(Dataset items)
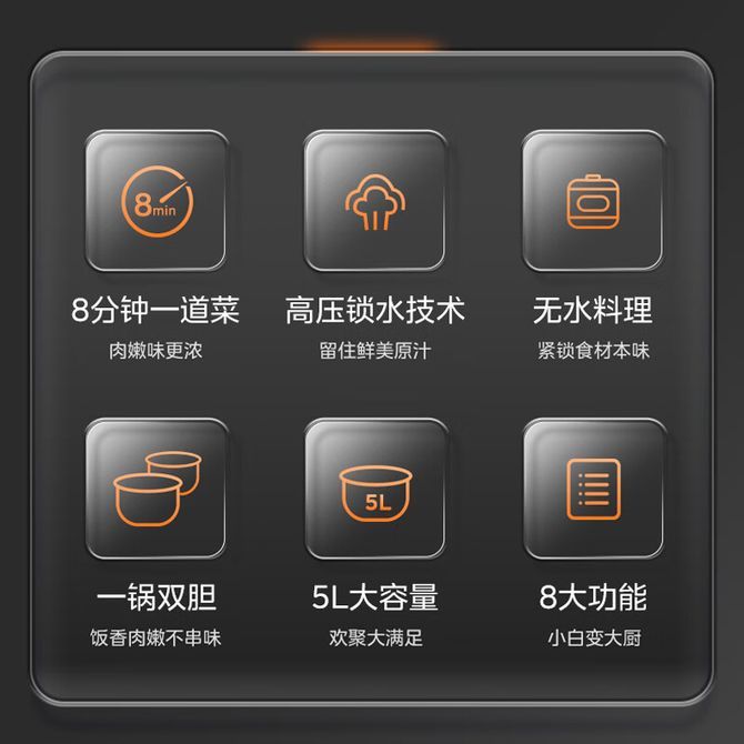 组合销售 产品介绍 产品规格 售后服务 产品咨询 发现好货 苏泊尔(SUPOR)电压力锅 6升大容量 智能触控 球釜双胆 开盖收汁 一键排压 SY-60YC8001Q 高压锅 16900 里程 苏泊尔(SUPOR) 5L电压力锅家用电高压锅双胆高压电饭锅煮饭智能预约 SY-50YC8186 11300 里程 美的/Midea 电压力锅 【一锅双胆】5L全自动家用智能预约 上蒸下煮 不粘双胆煲汤炖肉 YL50Q3-451 10900 里程 美的/Midea 电压力锅 【双胆】5升大容量电饭煲全自动智能饭锅多功能高压锅 24小时智能预约 MY-E523 10400 里程 九阳/Joyoung 电压力锅5L家用电饭锅压力煲电高压锅煮饭锅电饭锅电饭煲全自动智能预约 Y-50C31 11000 里程
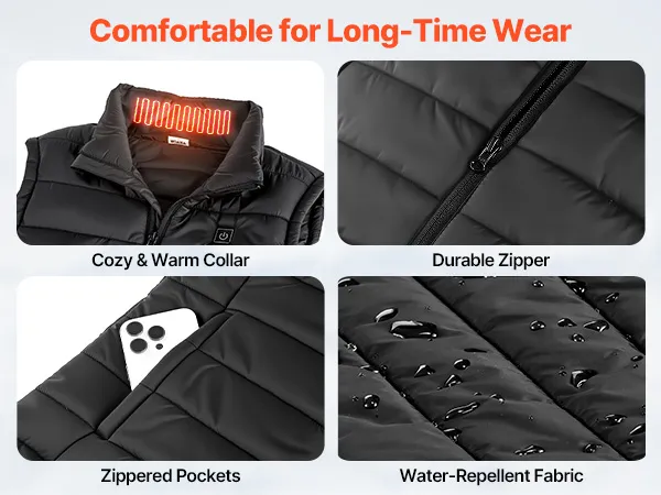 Equipped with a comfortable thermal collar, smooth zipper, waterproof fabric, and zippered pockets, this heating vest enhances wearing convenience and outdoor practicality.
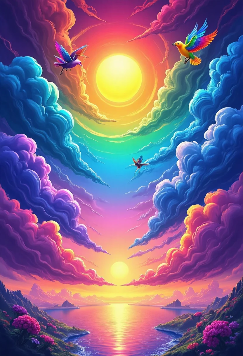 Colorful and vibrant color schemes, paint a dreamy sky at dawn, with rainbow - hued clouds, a sun with a colorful corona, and birds with multicolored feathers.
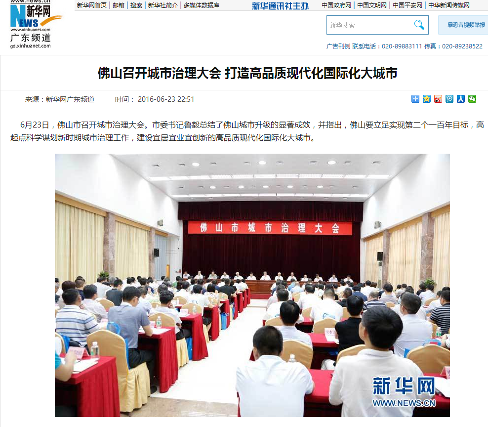 6月23日,佛山市召开城市治理大会。市委书记鲁毅总结了佛山城市升级的显著成效,并指出,佛山要立足实现第二个一百年目标,高起点科学谋划新时期城市治理工作,建设宜居宜业宜创新的高品质现代化国际化大城市。
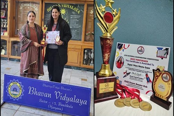 Ms. Neetu Saini, our talented dance faculty, has been honored with the *Best Performer Award* for her exceptional performance at the *Live National Handwriting Competition* organized by Child Dream Booster Hub.

* _What this task involves_: Set down the data above word for word, leaving every picture out.

* _Solution to the exercise_:
 组合销售 产品介绍 产品规格 售后服务 产品咨询 发现好货 苏泊尔(SUPOR)电压力锅 6升大容量 智能触控 球釜双胆 开盖收汁 一键排压 SY-60YC8001Q 高压锅 16900 里程 苏泊尔(SUPOR) 5L电压力锅家用电高压锅双胆高压电饭锅煮饭智能预约 SY-50YC8186 11300 里程 美的/Midea 电压力锅 【一锅双胆】5L全自动家用智能预约 上蒸下煮 不粘双胆煲汤炖肉 YL50Q3-451 10900 里程 美的/Midea 电压力锅 【双胆】5升大容量电饭煲全自动智能饭锅多功能高压锅 24小时智能预约 MY-E523 10400 里程 九阳/Joyoung 电压力锅5L家用电饭锅压力煲电高压锅煮饭锅电饭锅电饭煲全自动智能预约 Y-50C31 11000 里程
 Equipped with a comfortable thermal collar, smooth zipper, waterproof fabric, and zippered pockets, this heating vest enhances wearing convenience and outdoor practicality.
 Colorful and vibrant color schemes, paint a dreamy sky at dawn, with rainbow - hued clouds, a sun with a colorful corona, and birds with multicolored feathers.
 6月23日,佛山市召开城市治理大会。市委书记鲁毅总结了佛山城市升级的显著成效,并指出,佛山要立足实现第二个一百年目标,高起点科学谋划新时期城市治理工作,建设宜居宜业宜创新的高品质现代化国际化大城市。
 Ms. Neetu Saini, our talented dance faculty, has been honored with the *Best Performer Award* for her exceptional performance at the *Live National Handwriting Competition* organized by Child Dream Booster Hub.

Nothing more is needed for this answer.